Optimizing Table Scanning

Principle​

Doris, as a high-performance real-time analytics data warehouse, offers a powerful partition pruning feature that can significantly enhance query performance.

Partition pruning is a query optimization technique that intelligently identifies partitions relevant to a query by analyzing its conditions, and scans only the data within these partitions, thereby avoiding unnecessary scans of irrelevant partitions. This approach can greatly reduce I/O operations and computational load, thus accelerating query execution.

Use Case​

Here is a usage case to demonstrate Doris's partition pruning feature.

Suppose we have a sales data table named sales, which is partitioned by date, with each day's data stored in a separate partition. The table structure is defined as follows:

CREATE TABLE sales (
date DATE,
product VARCHAR(50),
amount DECIMAL(10, 2)
)
PARTITION BY RANGE(date) (
PARTITION p1 VALUES LESS THAN ('2023-01-01'),
PARTITION p2 VALUES LESS THAN ('2023-02-01'),
PARTITION p3 VALUES LESS THAN ('2023-03-01'),
PARTITION p4 VALUES LESS THAN ('2023-04-01')
)
DISTRIBUTED BY HASH(date) BUCKETS 16
PROPERTIES
(
"replication_num" = "1"
);

Now, we need to query the total sales amount between January 15, 2023 and February 15, 2023. The query statement is as follows:

SELECT SUM(amount) AS total_amount
FROM sales
WHERE date BETWEEN '2023-01-15' AND '2023-02-15';

For the above query, Doris's partition pruning optimization process is as follows:

  1. Doris intelligently analyzes the partition column date in the query conditions and identifies the date range of the query as being between '2023-01-15' and '2023-02-15'.

  2. By comparing the query conditions with the partition definitions, Doris precisely locates the range of partitions that need to be scanned.

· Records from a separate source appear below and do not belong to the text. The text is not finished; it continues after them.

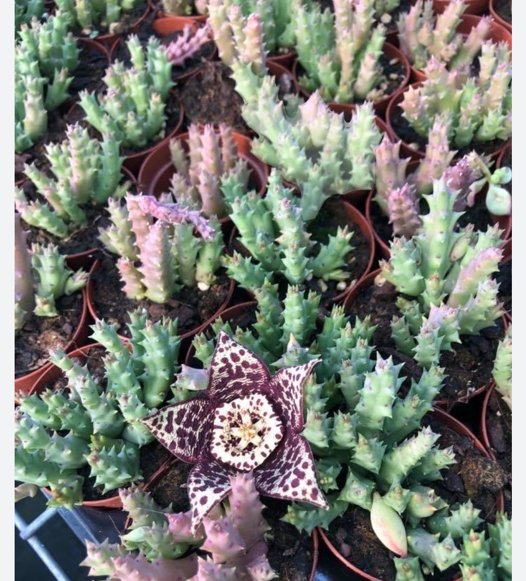 Plantas suculentas verdes com flor estrela castanha e branca em vasos pequenos
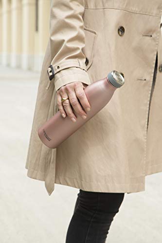 IDEAL FÜR UNTERWEGS: Die doppelwandige Thermosflasche ist leicht und schlank – und passt in jede Tasche. Der gummierte Drehverschluss sorgt dafür, dass sie sich leicht & ohne Abrutschen öffnen lässt.
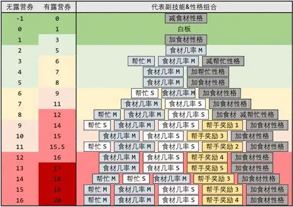 *上图中,左侧两列分别为无露营券及有露营券下的组合等级,右侧一列为在该组合等级比较有代表性的副技能&性格组合。

In this example, only partitions p2 and p3 need to be scanned, as their date ranges fully cover the query conditions.

  3. Doris automatically skips partitions unrelated to the query conditions, such as p1 and p4, avoiding unnecessary data scans and thereby reducing I/O overhead.

  4. Finally, Doris performs data scanning and aggregation computations only within partitions p2 and p3, quickly obtaining the query results.

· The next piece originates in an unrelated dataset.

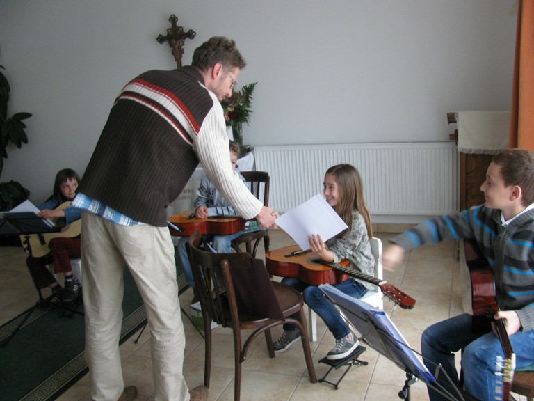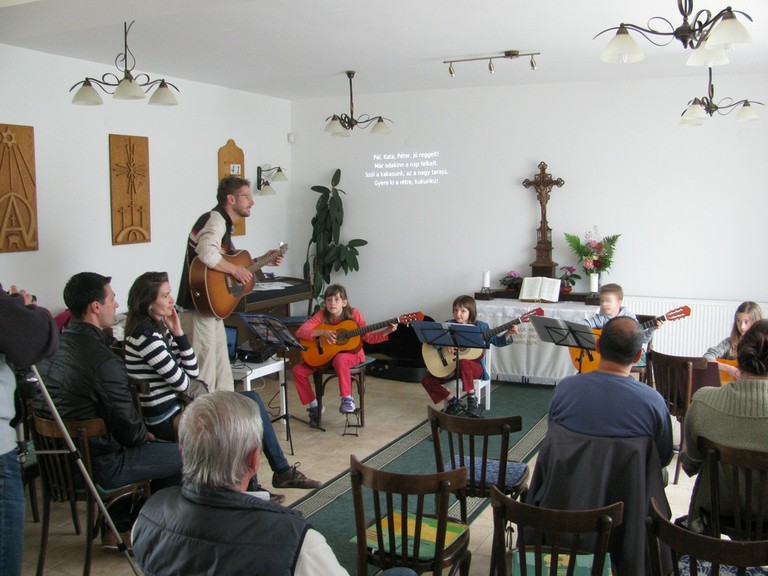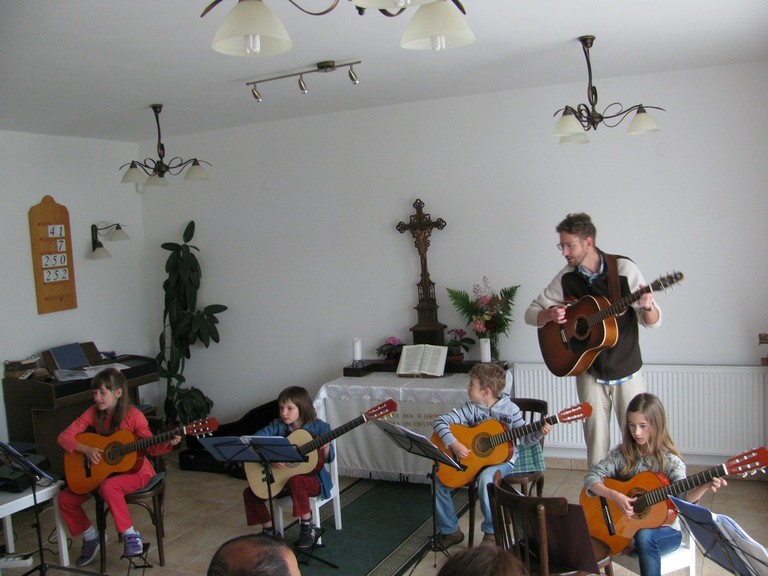 Május 30-án a sárbogárdi gyülekezeti házban gyülekezetünk gitársulijának öt kis növendéke adott ízelítőt azokból az énekekből és dallamokból, amelyeket a tanév során megismertek - a gyülekezet örömére és szüleik büszkeségére. A gitársuli tagjai a 2012/13-as tanévben: Bőjtös Benedek Árpád, Harmath Kitti, Kántor Ignác, Sándor Flóra és Szarka Tímea voltak.

By using the EXPLAIN command, we can view the query execution plan and confirm that Doris's partition pruning optimization has taken effect. In the execution plan, the partition attribute of the OlapScanNode node will display the actually scanned partitions as p2 and p3.

|   0:VOlapScanNode(212)                                                     |
| TABLE: cir.sales(sales), PREAGGREGATION: ON |
| PREDICATES: (date[#0] >= '2023-01-15') AND (date[#0] <= '2023-02-15') |
| partitions=2/4 (p2,p3) |

Summary​

In summary, Doris's partition pruning feature can intelligently identify the relevance between query conditions and partitions, automatically prune irrelevant partitions, and scan only necessary data, thereby significantly enhancing query performance. Reasonable utilization of the partition pruning feature can help users build efficient real-time analytics systems and easily handle massive data query demands.